Greffier, lors des débats : Nathalie GOCEL
JUGEMENT contradictoire et en premier ressort,
Prononcé par mise à disposition au greffe, les parties en ayant été avisées,
Signé par Bertrand GAUTIER, 1er Vice-Président et Nathalie GOCEL, greffière présente au prononcé.
EXPOSÉ DU LITIGE :
Suivant assignation délivrée le 15 novembre 2022, le Syndicat des copropriétaires de l’immeuble [Adresse 1], représenté par son syndic la SCI [9], a fait citer SCI [11] aux fins d’obtenir :
— sa condamnation à lui payer les sommes suivantes :
* 26.922,39 € avec intérêts au taux légal à compter de la délivrance de l’assignation
* avec capitalisation des intérêts de retard
* 3.000 € à titre de dommages et intérêts en réparation du préjudice causé par le défaut de paiement des charges de copropriété à échéance
* 3.500 € au titre de l’article 700
* les frais et dépens de l’instance
Le Syndicat des copropriétaires de l’immeuble [Adresse 1] expose que la SCI [10] [Adresse 13] est propriétaire du lot n°6 sis dans l’immeuble de la copropriété, soit un local commercial.

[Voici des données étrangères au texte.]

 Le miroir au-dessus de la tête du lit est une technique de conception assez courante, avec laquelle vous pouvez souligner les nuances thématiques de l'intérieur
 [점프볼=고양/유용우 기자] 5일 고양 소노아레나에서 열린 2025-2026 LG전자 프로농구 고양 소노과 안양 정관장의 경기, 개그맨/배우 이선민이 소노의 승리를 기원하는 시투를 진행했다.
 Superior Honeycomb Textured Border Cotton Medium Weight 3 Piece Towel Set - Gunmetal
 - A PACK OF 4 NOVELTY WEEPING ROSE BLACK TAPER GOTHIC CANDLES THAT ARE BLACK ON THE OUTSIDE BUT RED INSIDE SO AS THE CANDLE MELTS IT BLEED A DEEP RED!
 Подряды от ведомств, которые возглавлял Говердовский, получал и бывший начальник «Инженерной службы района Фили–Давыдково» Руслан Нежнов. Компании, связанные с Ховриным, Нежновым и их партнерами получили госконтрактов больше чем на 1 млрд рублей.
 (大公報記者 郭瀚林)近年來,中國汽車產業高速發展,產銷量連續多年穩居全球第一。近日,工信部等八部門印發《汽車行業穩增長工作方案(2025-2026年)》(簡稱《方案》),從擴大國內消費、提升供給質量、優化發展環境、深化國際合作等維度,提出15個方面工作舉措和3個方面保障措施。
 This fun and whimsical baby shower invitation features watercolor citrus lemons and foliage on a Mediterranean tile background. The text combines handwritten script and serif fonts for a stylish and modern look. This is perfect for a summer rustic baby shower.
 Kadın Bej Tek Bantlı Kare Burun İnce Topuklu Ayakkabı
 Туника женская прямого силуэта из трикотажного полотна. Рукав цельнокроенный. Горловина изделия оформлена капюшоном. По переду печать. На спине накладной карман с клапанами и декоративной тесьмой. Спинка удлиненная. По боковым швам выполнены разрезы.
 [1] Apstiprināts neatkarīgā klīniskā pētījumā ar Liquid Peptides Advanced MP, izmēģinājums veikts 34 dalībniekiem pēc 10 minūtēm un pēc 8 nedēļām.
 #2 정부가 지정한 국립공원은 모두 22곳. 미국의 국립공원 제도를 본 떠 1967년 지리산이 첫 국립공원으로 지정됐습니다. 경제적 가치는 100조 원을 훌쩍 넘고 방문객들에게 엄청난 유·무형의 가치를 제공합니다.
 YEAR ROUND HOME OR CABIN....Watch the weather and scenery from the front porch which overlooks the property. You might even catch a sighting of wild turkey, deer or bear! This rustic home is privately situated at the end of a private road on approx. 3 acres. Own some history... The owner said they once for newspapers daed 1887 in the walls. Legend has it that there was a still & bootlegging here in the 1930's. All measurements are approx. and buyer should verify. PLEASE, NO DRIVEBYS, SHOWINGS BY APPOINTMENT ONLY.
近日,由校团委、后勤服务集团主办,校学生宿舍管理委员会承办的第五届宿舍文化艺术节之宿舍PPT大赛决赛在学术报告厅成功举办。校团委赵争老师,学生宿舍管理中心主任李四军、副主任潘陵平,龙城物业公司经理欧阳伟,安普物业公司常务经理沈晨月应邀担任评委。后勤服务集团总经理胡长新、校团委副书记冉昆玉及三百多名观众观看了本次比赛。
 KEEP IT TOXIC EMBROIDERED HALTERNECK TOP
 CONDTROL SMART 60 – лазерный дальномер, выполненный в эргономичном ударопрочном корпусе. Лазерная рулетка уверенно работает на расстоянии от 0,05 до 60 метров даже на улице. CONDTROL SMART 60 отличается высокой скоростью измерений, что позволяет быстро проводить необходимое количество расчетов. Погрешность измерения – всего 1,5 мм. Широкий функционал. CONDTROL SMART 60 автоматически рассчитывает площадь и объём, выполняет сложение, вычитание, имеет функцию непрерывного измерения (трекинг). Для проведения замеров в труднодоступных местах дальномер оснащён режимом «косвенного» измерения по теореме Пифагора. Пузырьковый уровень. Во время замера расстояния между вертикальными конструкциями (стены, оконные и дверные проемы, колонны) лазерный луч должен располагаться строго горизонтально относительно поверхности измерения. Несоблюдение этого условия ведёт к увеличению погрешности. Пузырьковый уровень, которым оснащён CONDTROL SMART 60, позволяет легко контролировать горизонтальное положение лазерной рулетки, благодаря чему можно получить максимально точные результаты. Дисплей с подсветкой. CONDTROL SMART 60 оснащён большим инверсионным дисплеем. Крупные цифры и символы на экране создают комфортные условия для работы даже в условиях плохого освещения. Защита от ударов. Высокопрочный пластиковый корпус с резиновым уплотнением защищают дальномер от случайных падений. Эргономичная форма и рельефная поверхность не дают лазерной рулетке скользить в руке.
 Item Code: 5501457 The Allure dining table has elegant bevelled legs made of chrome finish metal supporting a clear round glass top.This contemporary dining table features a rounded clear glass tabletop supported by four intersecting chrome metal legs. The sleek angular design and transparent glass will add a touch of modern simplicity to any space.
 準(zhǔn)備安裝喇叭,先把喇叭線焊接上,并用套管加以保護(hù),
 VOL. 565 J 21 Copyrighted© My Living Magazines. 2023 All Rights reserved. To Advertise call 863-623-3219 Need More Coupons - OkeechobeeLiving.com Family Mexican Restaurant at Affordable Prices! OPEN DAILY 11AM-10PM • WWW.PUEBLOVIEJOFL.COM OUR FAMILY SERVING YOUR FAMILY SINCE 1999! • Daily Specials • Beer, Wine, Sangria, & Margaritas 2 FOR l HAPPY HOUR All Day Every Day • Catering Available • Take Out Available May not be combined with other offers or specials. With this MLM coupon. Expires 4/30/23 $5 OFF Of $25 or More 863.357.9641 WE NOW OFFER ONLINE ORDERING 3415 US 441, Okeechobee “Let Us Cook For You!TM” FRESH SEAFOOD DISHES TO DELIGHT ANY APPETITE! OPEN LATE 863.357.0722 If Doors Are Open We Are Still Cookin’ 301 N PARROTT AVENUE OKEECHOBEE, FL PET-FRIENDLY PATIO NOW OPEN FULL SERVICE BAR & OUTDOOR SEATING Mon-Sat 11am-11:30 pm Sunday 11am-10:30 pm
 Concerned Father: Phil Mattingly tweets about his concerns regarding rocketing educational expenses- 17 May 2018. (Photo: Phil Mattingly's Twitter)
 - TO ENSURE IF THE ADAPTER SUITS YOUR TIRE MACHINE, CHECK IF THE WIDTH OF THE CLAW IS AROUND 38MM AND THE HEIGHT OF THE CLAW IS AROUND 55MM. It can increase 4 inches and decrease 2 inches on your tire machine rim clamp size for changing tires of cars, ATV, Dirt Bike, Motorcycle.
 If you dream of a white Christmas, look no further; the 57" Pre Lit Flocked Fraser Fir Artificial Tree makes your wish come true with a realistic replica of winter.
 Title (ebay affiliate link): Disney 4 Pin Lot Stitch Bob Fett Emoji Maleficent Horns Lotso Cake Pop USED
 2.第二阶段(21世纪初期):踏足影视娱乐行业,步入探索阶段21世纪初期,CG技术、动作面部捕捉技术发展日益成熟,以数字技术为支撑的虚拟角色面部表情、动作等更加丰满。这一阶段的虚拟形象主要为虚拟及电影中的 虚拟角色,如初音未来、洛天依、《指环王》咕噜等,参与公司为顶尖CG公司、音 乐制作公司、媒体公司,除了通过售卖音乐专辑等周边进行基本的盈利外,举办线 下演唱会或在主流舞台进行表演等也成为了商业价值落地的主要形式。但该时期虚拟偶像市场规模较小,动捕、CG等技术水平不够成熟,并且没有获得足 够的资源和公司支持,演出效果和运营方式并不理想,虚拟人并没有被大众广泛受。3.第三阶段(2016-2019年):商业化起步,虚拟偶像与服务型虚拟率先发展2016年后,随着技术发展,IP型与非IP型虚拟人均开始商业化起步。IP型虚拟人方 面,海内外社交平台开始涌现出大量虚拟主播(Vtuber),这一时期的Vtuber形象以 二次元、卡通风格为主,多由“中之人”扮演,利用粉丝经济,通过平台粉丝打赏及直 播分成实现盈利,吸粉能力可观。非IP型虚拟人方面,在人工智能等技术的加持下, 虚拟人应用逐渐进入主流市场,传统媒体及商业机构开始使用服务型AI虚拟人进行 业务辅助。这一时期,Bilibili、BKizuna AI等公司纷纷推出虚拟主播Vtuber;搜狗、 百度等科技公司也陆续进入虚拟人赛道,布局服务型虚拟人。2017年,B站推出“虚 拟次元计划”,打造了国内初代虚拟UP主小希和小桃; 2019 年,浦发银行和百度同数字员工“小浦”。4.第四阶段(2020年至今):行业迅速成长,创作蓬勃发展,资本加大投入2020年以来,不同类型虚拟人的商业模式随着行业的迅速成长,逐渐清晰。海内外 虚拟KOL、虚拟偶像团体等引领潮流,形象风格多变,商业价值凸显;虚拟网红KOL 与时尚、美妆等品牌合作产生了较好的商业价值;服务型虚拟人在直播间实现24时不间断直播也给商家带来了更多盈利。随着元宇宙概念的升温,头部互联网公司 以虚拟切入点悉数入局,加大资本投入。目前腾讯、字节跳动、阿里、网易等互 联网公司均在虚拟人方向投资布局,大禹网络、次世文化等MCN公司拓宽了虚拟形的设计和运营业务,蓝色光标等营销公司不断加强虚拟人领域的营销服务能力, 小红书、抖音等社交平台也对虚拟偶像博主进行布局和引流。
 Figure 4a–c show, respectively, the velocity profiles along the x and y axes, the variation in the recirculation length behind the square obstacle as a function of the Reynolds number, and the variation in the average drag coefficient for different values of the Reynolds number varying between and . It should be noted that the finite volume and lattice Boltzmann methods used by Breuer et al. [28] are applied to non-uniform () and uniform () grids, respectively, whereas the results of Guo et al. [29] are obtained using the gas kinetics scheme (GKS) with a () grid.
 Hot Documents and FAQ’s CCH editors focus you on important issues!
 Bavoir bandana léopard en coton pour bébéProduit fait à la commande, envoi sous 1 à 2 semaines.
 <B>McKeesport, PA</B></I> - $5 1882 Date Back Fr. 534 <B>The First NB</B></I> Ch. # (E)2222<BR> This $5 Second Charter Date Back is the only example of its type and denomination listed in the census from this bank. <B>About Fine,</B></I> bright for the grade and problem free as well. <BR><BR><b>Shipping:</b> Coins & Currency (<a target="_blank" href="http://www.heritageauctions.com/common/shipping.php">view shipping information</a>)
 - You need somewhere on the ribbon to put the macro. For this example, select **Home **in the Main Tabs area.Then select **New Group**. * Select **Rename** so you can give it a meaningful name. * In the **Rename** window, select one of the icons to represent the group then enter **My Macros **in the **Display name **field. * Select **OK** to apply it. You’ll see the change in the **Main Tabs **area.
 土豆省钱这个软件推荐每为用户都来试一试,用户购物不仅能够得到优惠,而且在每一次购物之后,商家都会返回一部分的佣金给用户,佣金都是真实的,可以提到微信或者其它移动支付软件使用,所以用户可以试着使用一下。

Les autres lots sont propriétés de la SCI [9], également syndic (non professionnel) de l’immeuble. Ces autres lots sont aussi des locaux commerciaux, ou des garages. En raison de la répartition de la copropriété entre deux copropriétaires seulement, ce sont les dispositions prévues aux articles 41-13 et suivants de la loi du 10 juillet 1965 qui s’appliquent et qui sont d’ordre public. Le Syndicat des copropriétaires de l’immeuble [Adresse 1] précise que la copropriété a été gérée par la SAS [12] jusqu’en septembre 2022, date à laquelle elle n’a pas sollicité le renouvellement de son mandat de gestion. Cette décision était prise en raison des impayés accumulés par la SCI [11] qui la mettait en difficulté pour régler les fournisseurs.
La répartition dans la copropriété est 1414 tantièmes pour la SCI [9], et de 586 tantièmes pour la SCI [11].
En raison du non-renouvellement du mandat de gestion entre les mains d’un syndic professionnel, la SCI [9] a pris la mission de syndic non professionnel suivant les articles 41-16 et -17 et cette décision a été notifiée à la SCI [11] par LRAR du 20 octobre 2022, en sorte qu’elle lui soit opposable. Le Syndicat des copropriétaires de l’immeuble [Adresse 1], valablement représenté par son syndic, est donc légitime à poursuivre le recouvrement des charges impayées. L’arriéré était de 26.922,39 € au 31 décembre 2021, corrigé par l’approbation des comptes pour l’exercice 2021 (effectués par [12]) et les appels de provisions pour charges pour les 4 trimestres 2022 – le syndic peut licitement appeler les charges courantes trimestrielles sur la base du budget prévisionnel adopté -.
Les AG depuis 2017 sont produites, ainsi que le relevé des dépenses, le compte individuel de charges et le budget prévisionnel régulièrement adopté.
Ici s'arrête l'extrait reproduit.